Last week, I spent 8 hours immersed in a one-day business seminar. I was seated next to a gentleman I did not know, and throughout the day we engaged in casual conversation during the breaks. He seemed like a very nice guy, sharp, well dressed, very personable -- and every other word out of his mouth was the “F-Word.” The business seminar was a tremendous learning experience and I walked away with valuable and useful knowledge. What I did not walk away with was an understanding as to why a seemingly professional person would talk to another professional person in that manner?
At one time or another, we all use profanity to express anger, frustration, disappointment, or to add “emphasis” to a story. However, I've recently been involved in some professional situations where conversations were peppered with profanity. In the past, I've also experienced people who frequently used colorful language in the workplace. So, when profanity is part of someone’s everyday vocabulary, do you tell that person if it bothers you?

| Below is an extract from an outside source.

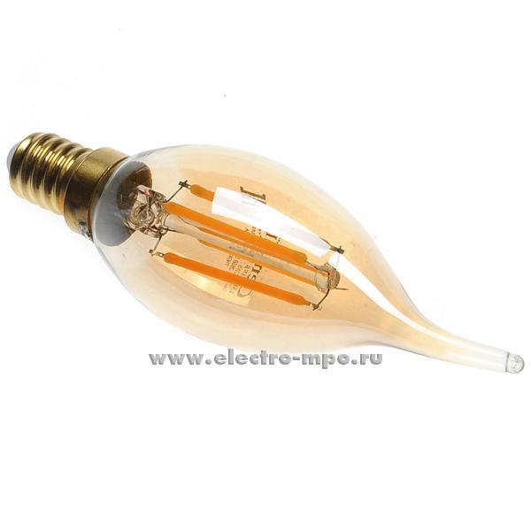 Л1322. Лампа 4Вт Filament золото 647300 GLDEN-CWS-7-230-E14-2700К светодиод "свеча н/ветру" т/б свет (Gene

Don't get me wrong -- I'm no lightweight. Yet, I feel that cursing in a business-related environment is uncomfortable and inappropriate. In addition, I find it somewhat challenging to fully appreciate what people are saying if they cannot complete a sentence without uttering the "F-Word." I'm not too sure it's a gender thing either. In fact, I actually think this is an equal opportunity issue. Oh well ... I say "To Each His Own -- Live And Let Live." I also say there is a time and place for everything.
When someone cursed in her presence, my grandmother would always declare: "Do you kiss your mother with that mouth?" Also, children of my generation were sometimes told they would get their mouths washed out with soap for using foul language. Although I personally do not know anyone who has ever had that happen, the fear of having a bar of soap touch your lips was enough to keep most of us kids compliant. To me, the language people choose as a means of communicating in business situations speaks volumes about their professionalism and perceived respect for others. And, I'm just wondering -- if nobody is aware that something bothers you, why would anyone stop doing it?